As we continue our transition to open the National Museum of the Surface Navy aboard the Battleship IOWA in 2025, we are planning each step and project strategically. These individual steps and projects are implemented as resources permit and most recently, they include the promotion of Jenny Sova to Chief of Staff. Her responsibilities are primarily focused on supporting the executive team in the day-to-day functioning of the organization. This promotion has allowed me to focus more of my efforts on building relationships, meeting with donors and supporters, and asking for investments to bring alive the National Museum of the Surface Navy.

Unfortunately, like all endeavors in life, we are occasionally faced with challenges that we must overcome. After twenty years of involvement in the Battleship IOWA, I have seen more than my fair share and we have overcome all of them. While I am happy for her I am sad to announce that Joleen Deatherage, our Vice President of Development & Marketing, has accepted a role as executive director of an arts museum. Although she has accepted a full-time executive position elsewhere she is honored to become a member of our volunteer crew and has committed to remaining engaged as a supporter. 

Personally, I am proud of what she has accomplished, her leadership and formation of the development team, and for becoming an executive director in an area she is truly passionate about. While these changes are difficult, the promotion of Jenny Sova to Chief of Staff has allowed me to temporarily fill the vacancy left by Joleen and further execute on our capital campaign strategy. In addition, we are in the process of filling the role of Major Donor Relations and Stewardship Officer to work with our donors, boards, and leadership to engage and involve investors in the museum and mission.
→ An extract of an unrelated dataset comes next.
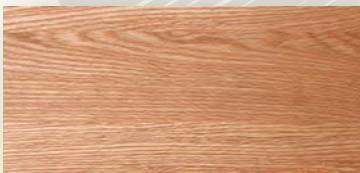
SOLID SLAB Minimum Height: 4-1/2"

*SPECIFICATIONS AND DETAILS SHOWN ARE SUBJECT TO CHANGE.

The leadership team is working on a longer-term project plan that will be focused on the continued modification of our organizational infrastructure to accommodate the opening of the National Museum in 2025. We have already accomplished several projects related to the museum and we continue to accelerate the process as investments are made.

Next week, we celebrate ten years since the Navy called us and informed our organization that they were donating the ship to us. Statistically about thirty percent of businesses will survive until their tenth year in business and I must imagine that it is an even smaller percentage of them that are expanding to a national scope.

As we commemorate this landmark (and thirteen years since the formation of this organization), we celebrate your support of the museum over this decade with the opening of Vicky’s Doghouse, offering outdoor dining on the newly refurbished fantail.

Vicky’s is presented by the Navy Supply Corps Foundation, with additional support from Fast Lane Transportation, Bragg Crane, and the committed and dedicated efforts by the crew of the Battleship IOWA.

In celebration of ten years and your support, please join us between September 7th and September 30th to enjoy a donor and supporter discount of 20% at Vicky’s Doghouse

Simply tell Vicky’s crew that you love Vicky and are a donor and supporter. The food is great and the view is awesome! 
Join us in watching freedom of the seas in action at the Port of Los Angeles aboard the Battleship IOWA.

In closing, thank you for your support. I look forward to seeing you onboard. Please let me know what our crew can do to make your experience more impactful.

My best wishes for a safe and blessed Labor Day weekend.